# Hi from a Sage Noob......



## Coffeenewboy (Sep 10, 2019)

Thought Id just say Hi.....have a Barista express arriving tomo, after reading the ENTIRE internet and watching all of the Hoffs vids, it seemed like the right machine for us.

Hope for so for the money!

Have been a Nepresso customer for waaaay to long (amabassador plus level), so looking forward to better coffee.
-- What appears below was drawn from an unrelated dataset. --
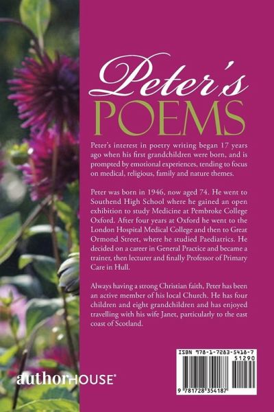 Peter's interest in poetry writing began 17 years ago when his first grandchildren were born, and is prompted by emotional experiences, tending to focus on medical, religious, family and nature themes. Peter was born in 1946, now aged 74. He went to Southend High School where he gained an open exhibition to study Medicine at Pembroke College Oxford. After four years at Oxford he went to the London Hospital Medical College and then to Great Ormond Street, where he studied Paediatrics. He decided on a career in General Practice and became a trainer, then lecturer and finally Professor of Primary Care in Hull. Always having a strong Christian faith, Peter has been an active member of his local Church. He has four children and eight grandchildren and has enjoyed travelling with his wife Janet, particularly to the east coast of Scotland.

Usually drink something approaching a Cortado or machiatto......


----------



## lake_m (Feb 4, 2017)

Hello and welcome to the forum!

If you stick around for a few years, you'll probably regret choosing that username!


----------



## NotThatBen (Aug 20, 2021)

Hi, also new but recently got the DB , also upgrading from a nespresso as my main coffee driver but I also have a la pavoni lever action. Decided to take the plunge on the DB after some good news from work and also because I wanted coffee in the morning without leaving pavoni sized dents in the ceiling or morning gymnastics but retain the warm up time similiar to the nespresso machine. DB is paired with a sette 270wi.

Also usually drinking a cortado style drink and americanos.


----------



## GrahamSPhillips (Jan 29, 2021)

That's an excellent start. I also began that way. The Barista Express is a bargain given everything it does plus a decent grinder too. I'd highly recommend Lifestyle Labs and Hoons coffee channel on YouTube. They've shown the basics as well as the endlessly possibilities depending how far you want to go down the rabbit hole! Enjoy


----------



## GrahamSPhillips (Jan 29, 2021)

NotThatBen said:


> Hi, also new but recently got the DB , also upgrading from a nespresso as my main coffee driver but I also have a la pavoni lever action. Decided to take the plunge on the DB after some good news from work and also because I wanted coffee in the morning without leaving pavoni sized dents in the ceiling or morning gymnastics but retain the warm up time similiar to the nespresso machine. DB is paired with a sette 270wi.
> 
> Also usually drinking a cortado style drink and americanos.


 There's a very friendly Facebook group dedicated to the dual boiler that you might want to join


----------